Y casi treinta y dos años después aparezco en este piso del que me siento un inesperado huésped, ni más ni menos que como el insecto de duro caparazón que ha entrado volando por el balcón y ha estrellado su cuerpo contra los listones de madera del suelo. Así de exhausto he debido dejar las maletas en el pasillo de la entrada, tras tres pisos de escalada, haciendo un ruido semejante en proporción, y he replegado estas alas que se empeñan en darme bríos, un poco mareado, en una extraña soledad dual intermitente. Berlín se me esconde detrás de un zafarrancho de muebles imprescindibles, sartenes e hilo dental, jabón de ropa blanca, tijeras, llaves Allen. Me prometo a mí mismo comprar un cesto para la ropa sucia, algo que no he tenido en los dos últimos años en Madrid. Se trata de ir mejorando, dicen. La inmensidad del salón, a ras de suelo, a ras de cama, invita a reflexiones que no debo hacer. Abro una botella de vino, juzgo la turbiedad del vaso, trago. Brindo por ese primer mes de vida que tantos cuidados suscitó. Brindo por los dos pezones que me alimentaron a sabiendas de que inevitablemente llegaría un día como hoy, en que mucho más viejo, con medio cuerpo en proceso de embotamiento, pero aún imberbe ante el vacío, me sentaría sobre un simple colchón colocado en mitad de un océano de madera, encendería el ordenador y escucharía canciones mientras fumaba el penúltimo cigarrillo.

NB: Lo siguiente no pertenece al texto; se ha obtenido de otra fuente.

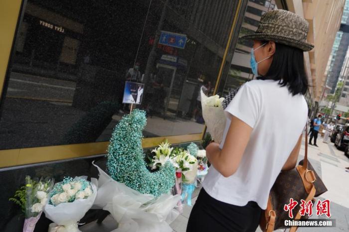 資料圖:2021年4月1日,歌迷和影迷來到香港文華東方酒店外獻(xiàn)上鮮花,擺上遺像,悼念張國榮。 中新社記者 張煒 攝
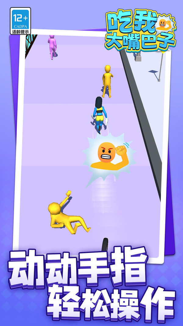 ?吃我大嘴巴子是一款充满恶搞创意的跑酷游戏。在游戏中,为了能尽情奔跑,你会给所有挡路的人一个出其不意的礼物。通常情况下,路人会在你身后陪着你一起奔跑、加速奔跑,所以你要小心,不要被他们追上哦!在游戏里,你扮演的是一位巴掌侠,在一条挤满路人的街道上奋力向前奔跑!任何挡在你面前的家伙,都将毫无例外地收到你最热情的问候——一记清脆响亮的大嘴巴子!
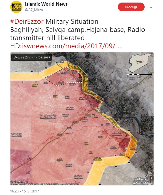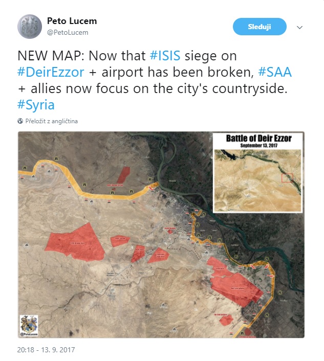 Pribudla Al MariajaIgorT píše: ↑16 zář 2017, 08:41Deir Ezzor. SAA+ kontroluje Suk Al Charaij, Rajim At Tabb a Tel Al Kasimiju.
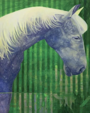 Clémentine Taupin est née en 2001, la même année où Gérald Panighi a été diplômé de la Villa Arson, école qu’elle a elle aussi fréquentée. Elle en est sortie diplômée en 2024. Fille et petite- fille d’agriculteurs, elle porte en elle l’urgence d’une exploitation familiale en quête de repreneur. Si elle n’a pas repris le travail de la terre, la peinture a pris le relais. Ses œuvres témoignent d’une transmission intergénérationnelle des gestes ancestraux, confrontés à l’agriculture contemporaine. Sa palette dissonante : verts acides, chairs pastel, taches fluorescentes pense la ruralité comme un écart aux clichés. Les tonalités violettes, nourries par la lumière des écrans, traduisent la contamination du regard numérique sur la mémoire rurale. Ses supports font appel à une autre génération paysanne. Elle répare, rapièce, réutilise les tissus transmis d’un héritage maternel. Rapiécés de leurs mains puis des siennes, ces textiles deviennent des surfaces chargées. L’artiste est actuellement résidente à La Station.
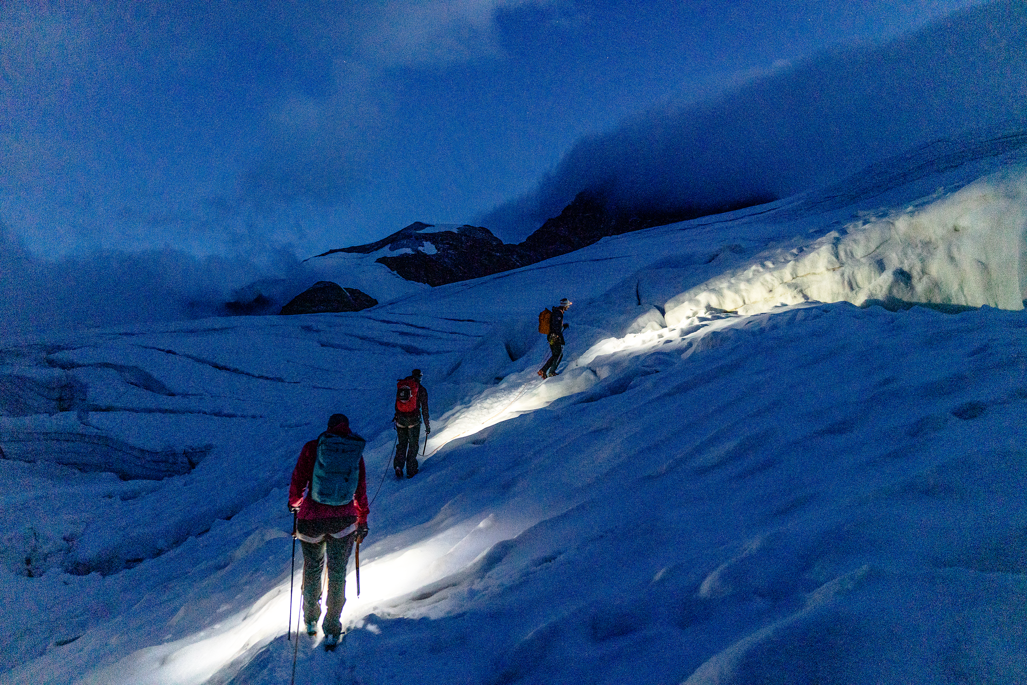 Am nächsten Tag klingelt der Wecker um 3.00 Uhr. Binnen einer Stunde haben wir uns angezogen, gepackt, gefrühstückt und sind abmarschbereit. Im Dunklen setzen wir vorsichtig einen Schritt vor den anderen. Die Sinne geschärft. Die Kegel unserer Stirnlampen tanzen wie Glühwürmchen über das große Eisfeld hinter der Hütte. Die Wegführung ist anspruchsvoll, denn es gibt mehr Spalten als erwartet. Gleich zweimal zerschneidet das Geräusch herabfallender Séracs die Stille der Nacht. Gänsehaut – und das nicht, weil es kalt ist. Langsam und konzentriert arbeiten wir uns hoch zum Einstieg in die westliche Gletscherflanke des Castor. Langsam geht die Sonne auf und lässt den Mont Blanc im Morgenlicht erstrahlen. Gänsehaut – jetzt, weil es schön ist. Wir starten mit dem technischen Aufstieg in zwei Seilschaften. Dabei kommen wir nur langsam voran, setzen immer wieder Belays und müssen im oberen Stück an der 55 Grad steilen Eisflanke sogar Eisklettern. Am Firn-Eisgrat sehen wir das erste Mal Richtung Lyskamp. Aber eigentlich haben wir nur Augen für den Grat. Eine maximal 40 cm breite, makellose Haifischflosse, die sich elegant in der Sonne spiegelnd in Richtung Süden zum Gipfel erstreckt. Die erste Seilschaft mit Christina, Katharina und Michi winkt vom Gipfel zu uns herüber, aber das sehen wir schon gar nicht mehr. Wir sind im Tunnel. Und ich habe sowieso nur Augen für Amys Hintern, der gute 30 cm vor mir der einzige Anhaltspunkt ist, auf den ich mich bei der Überschreitung konzentrieren kann. Nach gefühlten zehn Minuten Atem anhalten kommen wir am Gipfel an. Es folgt der maximale Adrenalin-Kick. Es dauert einige Zeit, bis wir ruhig genug sind, um über den Südostgrat zum Felikjoch und von dort aus auf dem breiten Rücken hinab zum Rifugio Quintino Sella abzusteigen. Klar, dass auch hier zur Feier des Tages der Spritz nicht fehlen darf.

Si me quedo en silencio oigo el tráfago del día, los motores del avión, la carcoma que me habita. En mitad del techo hay un sol cítrico y mellado, es tanta la distancia que me separa del interruptor que voy a intentar apagarlo a soplidos, o con el poder de la mente, o a base de dulces promesas. Y así, jugando a ser inteligente, con la ayuda indirecta de la Holgueras y sus regalos, voy ganando la batalla al primer toro de la noche.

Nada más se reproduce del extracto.